Peu après 04H00 vendredi, Journée internationale des Casques bleus, une roquette tirée d'un plateau surplombant Gao est tombée dans l'enceinte du camp (voisin de celui des Français) de la force de l'ONU, la Minusma, endommageant sans faire de victime un hangar du contingent néerlandais, selon les troupes françaises.

"C'est ce qui est dur: nous luttons contre un ennemi invisible", poursuit le colonel Lainé. "Leur mode d'action est l'évitement et le harcèlement. Ce qui est difficile, c'est qu'on ne les voit jamais, mais on sait qu'ils nous observent".

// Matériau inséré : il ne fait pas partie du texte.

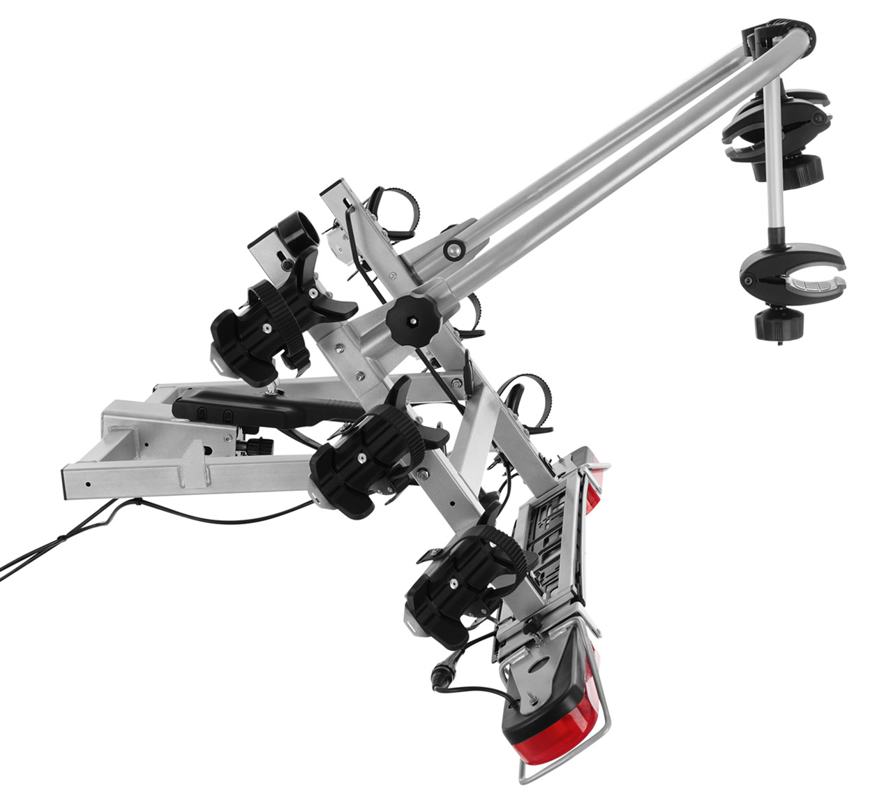 Platforma posiada funkcję uchylania, także z zamontowanymi rowerami. Dzięki niej, bez problemu można dostać się do bagażnika samochodu w prosty i wygodny sposób, bez demontażu całej konstrukcji. Dodatkowo, w wersji Ultimate funkcja ta posiada regulację kąta nachylenia - możesz ustawić uchył na 40° lub 60°. Zadbano także o odpowiednie umiejscowienie pokrętła umożliwiającego uchylanie bagażnika tak, aby było ono w jak najwygodniejszym dla użytkownika miejscu.

"Le risque, c'est de se relâcher car, ne les voyant pas, on peut croire qu'ils ne sont pas là. Donc on peut être moins vigilant, et donc devenir vulnérable", souligne-t-il.

Il montre, scotchée au mur de son bureau, une photo de l'Algérien Mokhtar Belmokhtar, l'un des principaux chef jihadistes opérant au Sahel. 

"C'est pour ça que je l'ai mis en photo: pour me rappeler qu'il existe, et qu'il me veut du mal. Ils sont toujours là, mais de manière diffuse, furtive. Ils ne peuvent plus mener d'action de combat d'envergure, mais peuvent exploiter le moindre moment d'absence de vigilance".

- 'Difficile de faire la distinction' -

"Ils sont intelligents, se sont adaptés: ils cachent leur armement. S'ils se déplacent en 4x4, ce n'est plus jamais en convoi, mais un par un. Pour nous, faire la distinction entre le trafiquant, le terroriste, le gars du MNLA (Mouvement national de libération de l'Azawad, rébellion touareg), c'est délicat", reconnaît l'officier français.

"Certains se vendent au plus offrant, c'est une façon de vivre pour certains ici. Tant qu'ils ne nous ont pas tiré dessus, nous avons du mal à savoir à qui nous avons à faire", dit-il. 

Installé avec ses quelque 700 hommes dans un camp de tentes et de bâtiments en dur proche de l'aéroport de Gao, le colonel Lainé commande le Groupe tactique désert (GTD) Ouest, l'une des deux composantes de l'opération "Barkhane", qui a succédé à "Serval" et s'étend à tout le Sahel, et dont le quartier général est à N'Djamena (Tchad).

Si ses hommes partent régulièrement en patrouille dans toute la région, pour des missions de reconnaissance et pour montrer leur force, le colonel Lainé sait que l'ennemi invisible peut difficilement être surpris - à part lors d'opérations commando montées par les forces spéciales, comme celle qui a permis l'élimination, le 18 mai, de deux importants chefs jihadistes, Abdelkrim al-Targui et Ibrahim Ag Inawalen.

"Nous savons bien qu'ils observent tout ce qu'on fait", assure l'officier. "Dès qu'on bouge, dès qu'on sort d'ici, ils sont prévenus. Pour nous, il est très difficile de faire la distinction entre le gars qui téléphone à son patron ou à sa femme et celui qui téléphone à son chef de groupe terroriste".

"Après voir libéré le pays en 2013, notre but est maintenant qu'il ne puisse redevenir un territoire hospitalier pour eux", conclut-il. "Nous devons les empêcher de refaire ce qu'ils ont fait en 2013. Notre but est que l'armée malienne et la Minusma prennent à terme cette mission en charge".